- **Assignment**
Among the entries below, find the line with "The image depicts" and the line with "Un élégant faire-part". Return exactly those lines and every line between them, but no pictures.
Top of Provided data
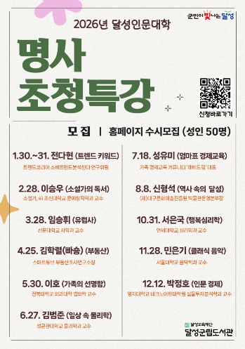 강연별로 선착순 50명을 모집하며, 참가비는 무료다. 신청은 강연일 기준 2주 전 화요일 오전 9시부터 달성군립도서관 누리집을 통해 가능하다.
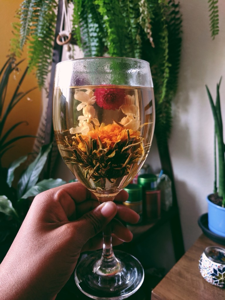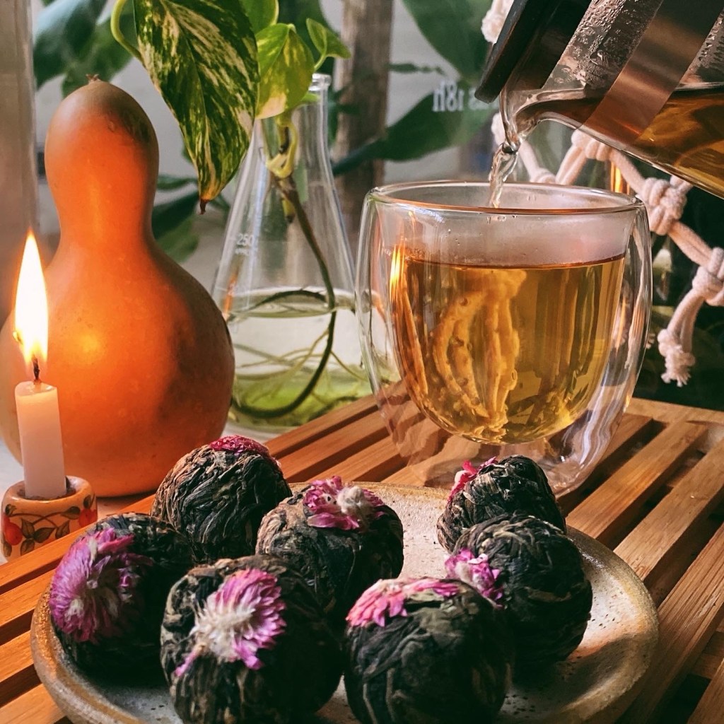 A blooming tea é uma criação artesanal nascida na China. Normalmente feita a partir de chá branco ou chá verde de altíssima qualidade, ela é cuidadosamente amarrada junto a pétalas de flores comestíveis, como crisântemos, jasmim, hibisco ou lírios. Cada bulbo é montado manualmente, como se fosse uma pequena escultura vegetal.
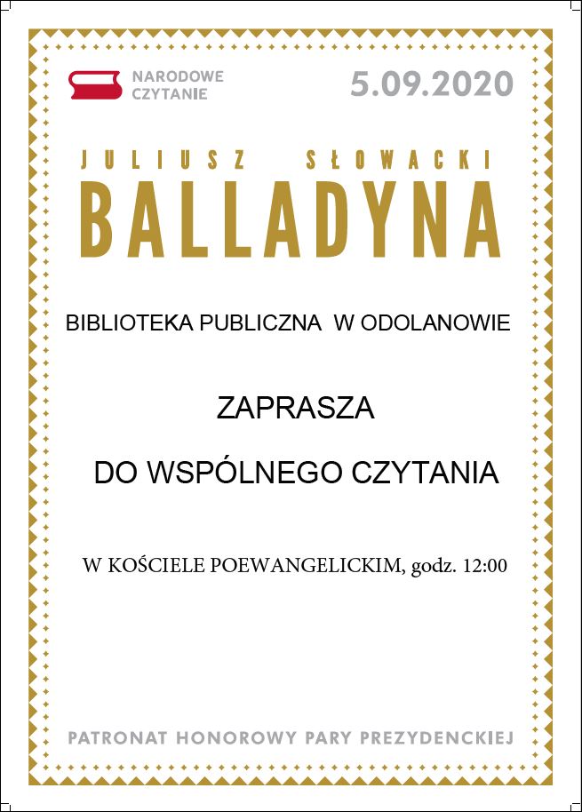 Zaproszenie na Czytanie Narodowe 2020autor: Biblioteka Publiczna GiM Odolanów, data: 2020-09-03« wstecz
Bottom of Provided data
Top of Provided data
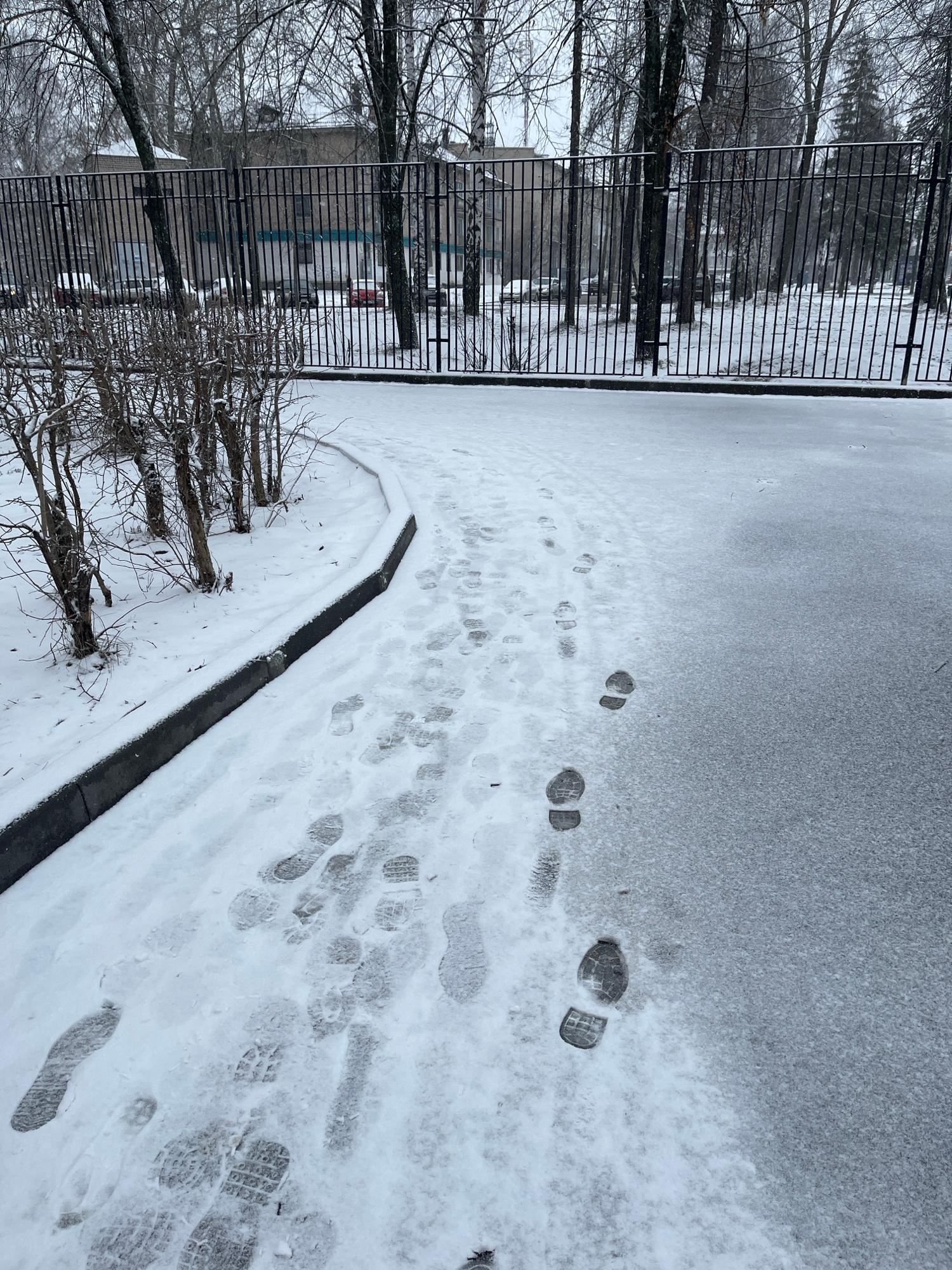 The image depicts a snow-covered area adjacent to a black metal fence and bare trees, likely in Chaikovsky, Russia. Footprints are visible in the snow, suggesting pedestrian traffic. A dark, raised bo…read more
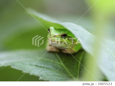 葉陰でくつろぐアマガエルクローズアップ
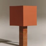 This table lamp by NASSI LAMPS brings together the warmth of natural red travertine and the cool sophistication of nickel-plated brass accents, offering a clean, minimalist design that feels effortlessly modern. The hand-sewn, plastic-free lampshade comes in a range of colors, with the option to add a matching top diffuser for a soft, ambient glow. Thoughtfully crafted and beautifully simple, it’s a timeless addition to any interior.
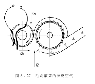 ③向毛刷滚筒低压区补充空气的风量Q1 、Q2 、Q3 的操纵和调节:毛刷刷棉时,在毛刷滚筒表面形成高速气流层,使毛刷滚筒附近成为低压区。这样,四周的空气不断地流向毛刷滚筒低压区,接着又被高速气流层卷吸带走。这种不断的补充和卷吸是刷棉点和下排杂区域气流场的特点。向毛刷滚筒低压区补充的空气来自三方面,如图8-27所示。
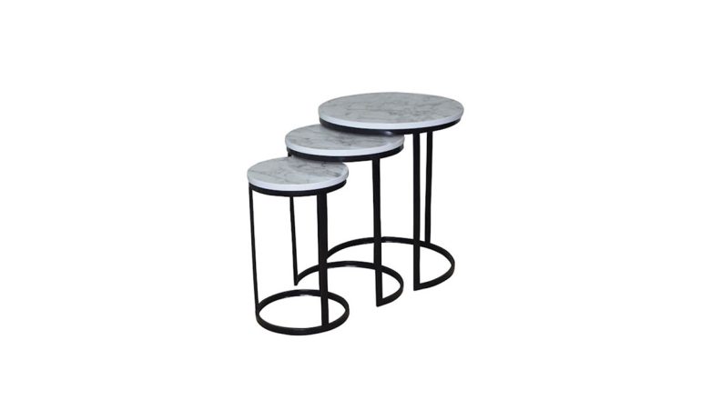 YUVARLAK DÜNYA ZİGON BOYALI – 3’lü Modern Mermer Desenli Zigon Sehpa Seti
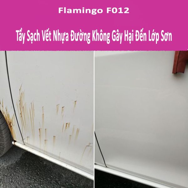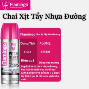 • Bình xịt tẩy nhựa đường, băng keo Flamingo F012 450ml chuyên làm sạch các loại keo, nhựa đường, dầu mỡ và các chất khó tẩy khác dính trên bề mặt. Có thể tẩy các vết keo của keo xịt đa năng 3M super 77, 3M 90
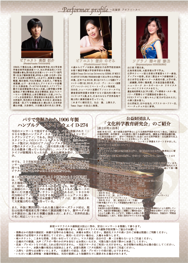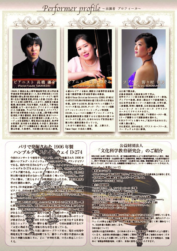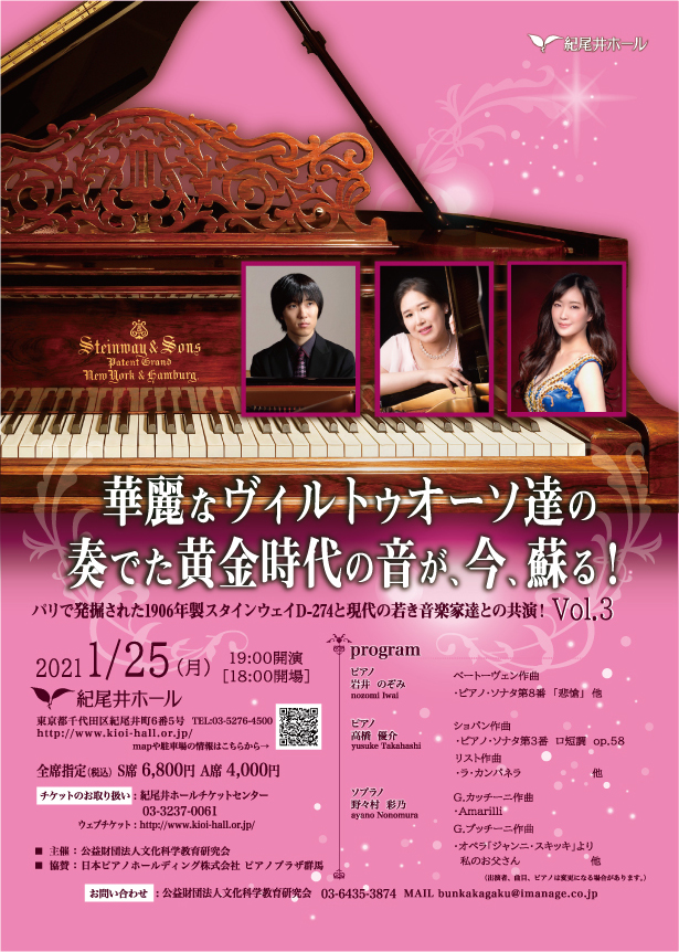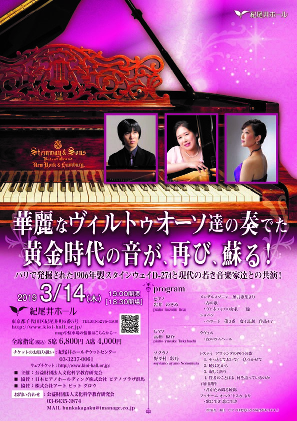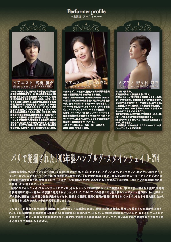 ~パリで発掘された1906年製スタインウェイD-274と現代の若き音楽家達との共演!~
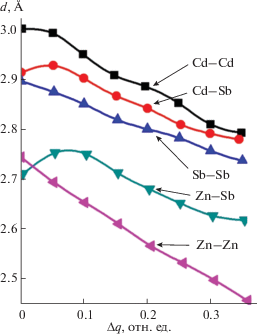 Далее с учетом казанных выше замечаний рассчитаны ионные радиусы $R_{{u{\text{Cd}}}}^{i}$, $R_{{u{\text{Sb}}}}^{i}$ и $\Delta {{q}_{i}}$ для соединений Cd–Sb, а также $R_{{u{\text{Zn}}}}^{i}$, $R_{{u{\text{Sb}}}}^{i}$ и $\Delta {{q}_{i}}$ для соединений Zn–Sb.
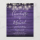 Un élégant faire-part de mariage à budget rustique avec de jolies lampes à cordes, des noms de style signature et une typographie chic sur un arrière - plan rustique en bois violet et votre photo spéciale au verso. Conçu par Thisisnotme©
Bottom of Provided data
Top of Provided data
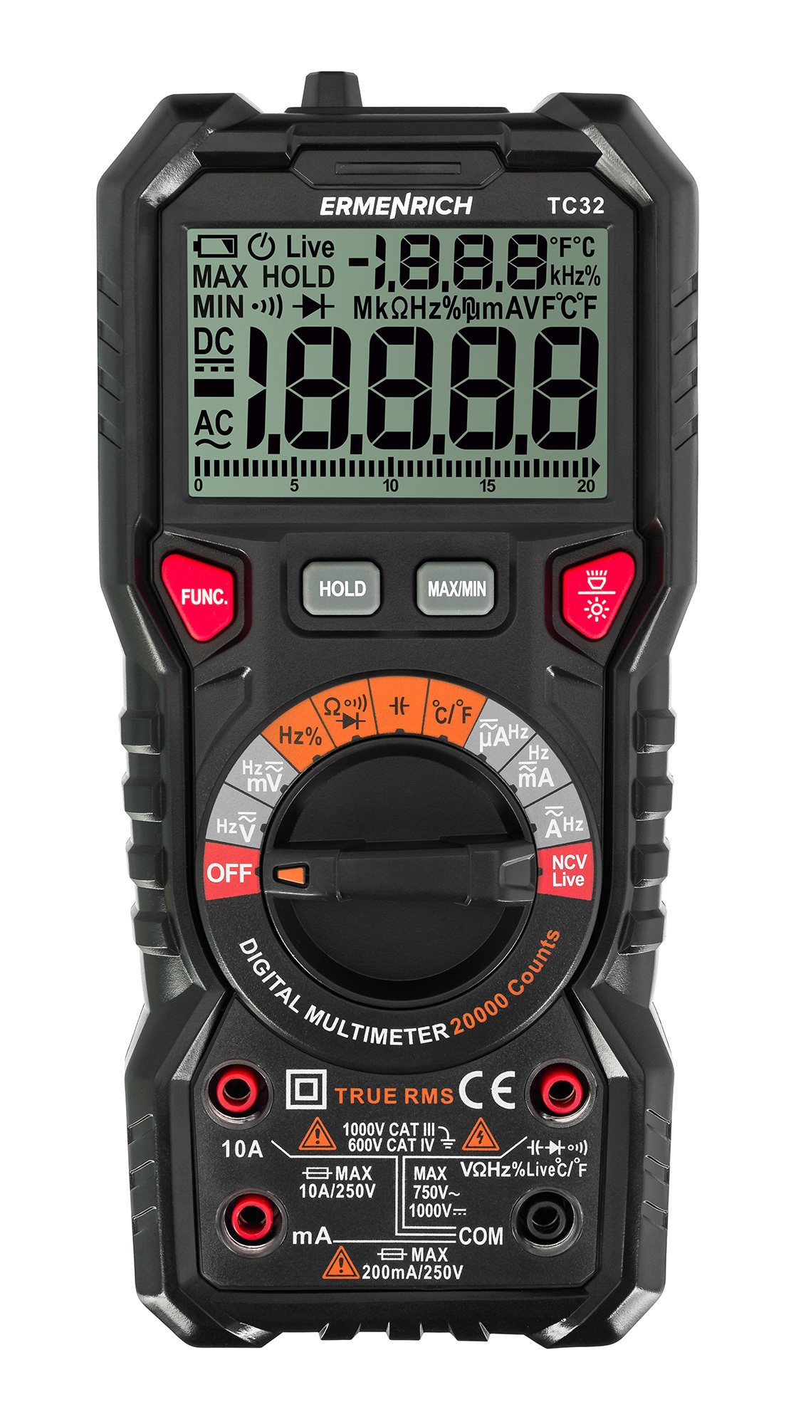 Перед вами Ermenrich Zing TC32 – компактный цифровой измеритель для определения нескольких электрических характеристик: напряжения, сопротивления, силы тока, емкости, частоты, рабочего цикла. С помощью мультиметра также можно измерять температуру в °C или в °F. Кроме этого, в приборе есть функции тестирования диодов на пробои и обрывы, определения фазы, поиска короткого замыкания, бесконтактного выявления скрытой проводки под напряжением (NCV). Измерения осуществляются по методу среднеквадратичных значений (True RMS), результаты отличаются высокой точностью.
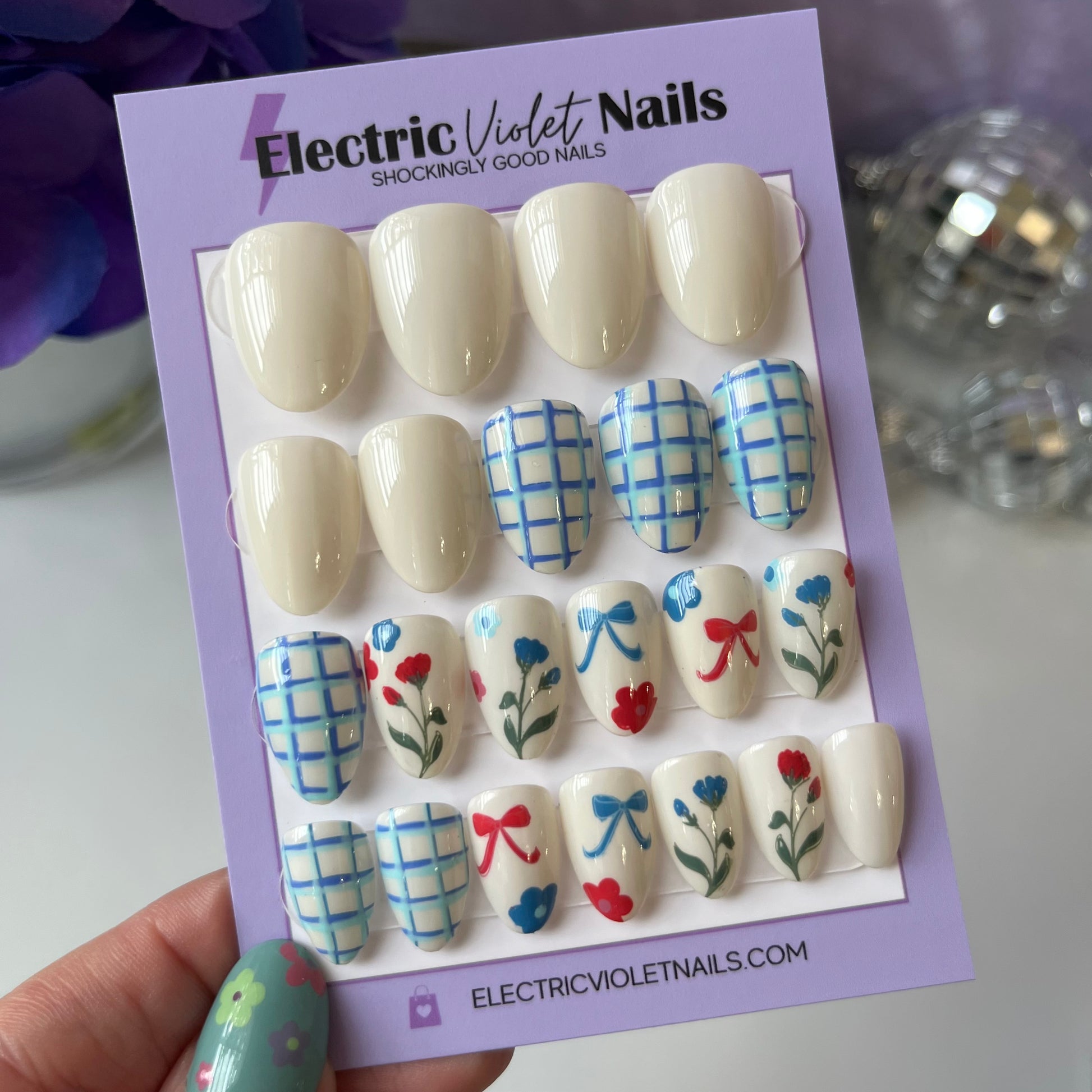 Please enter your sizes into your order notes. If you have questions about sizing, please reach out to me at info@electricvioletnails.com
Bottom of Provided data
- **Final answer**
 The image depicts a snow-covered area adjacent to a black metal fence and bare trees, likely in Chaikovsky, Russia. Footprints are visible in the snow, suggesting pedestrian traffic. A dark, raised bo…read more
 葉陰でくつろぐアマガエルクローズアップ
 This table lamp by NASSI LAMPS brings together the warmth of natural red travertine and the cool sophistication of nickel-plated brass accents, offering a clean, minimalist design that feels effortlessly modern. The hand-sewn, plastic-free lampshade comes in a range of colors, with the option to add a matching top diffuser for a soft, ambient glow. Thoughtfully crafted and beautifully simple, it’s a timeless addition to any interior.
 ③向毛刷滚筒低压区补充空气的风量Q1 、Q2 、Q3 的操纵和调节:毛刷刷棉时,在毛刷滚筒表面形成高速气流层,使毛刷滚筒附近成为低压区。这样,四周的空气不断地流向毛刷滚筒低压区,接着又被高速气流层卷吸带走。这种不断的补充和卷吸是刷棉点和下排杂区域气流场的特点。向毛刷滚筒低压区补充的空气来自三方面,如图8-27所示。
 YUVARLAK DÜNYA ZİGON BOYALI – 3’lü Modern Mermer Desenli Zigon Sehpa Seti
 • Bình xịt tẩy nhựa đường, băng keo Flamingo F012 450ml chuyên làm sạch các loại keo, nhựa đường, dầu mỡ và các chất khó tẩy khác dính trên bề mặt. Có thể tẩy các vết keo của keo xịt đa năng 3M super 77, 3M 90
 ~パリで発掘された1906年製スタインウェイD-274と現代の若き音楽家達との共演!~
 Далее с учетом казанных выше замечаний рассчитаны ионные радиусы $R_{{u{\text{Cd}}}}^{i}$, $R_{{u{\text{Sb}}}}^{i}$ и $\Delta {{q}_{i}}$ для соединений Cd–Sb, а также $R_{{u{\text{Zn}}}}^{i}$, $R_{{u{\text{Sb}}}}^{i}$ и $\Delta {{q}_{i}}$ для соединений Zn–Sb.
 Un élégant faire-part de mariage à budget rustique avec de jolies lampes à cordes, des noms de style signature et une typographie chic sur un arrière - plan rustique en bois violet et votre photo spéciale au verso. Conçu par Thisisnotme©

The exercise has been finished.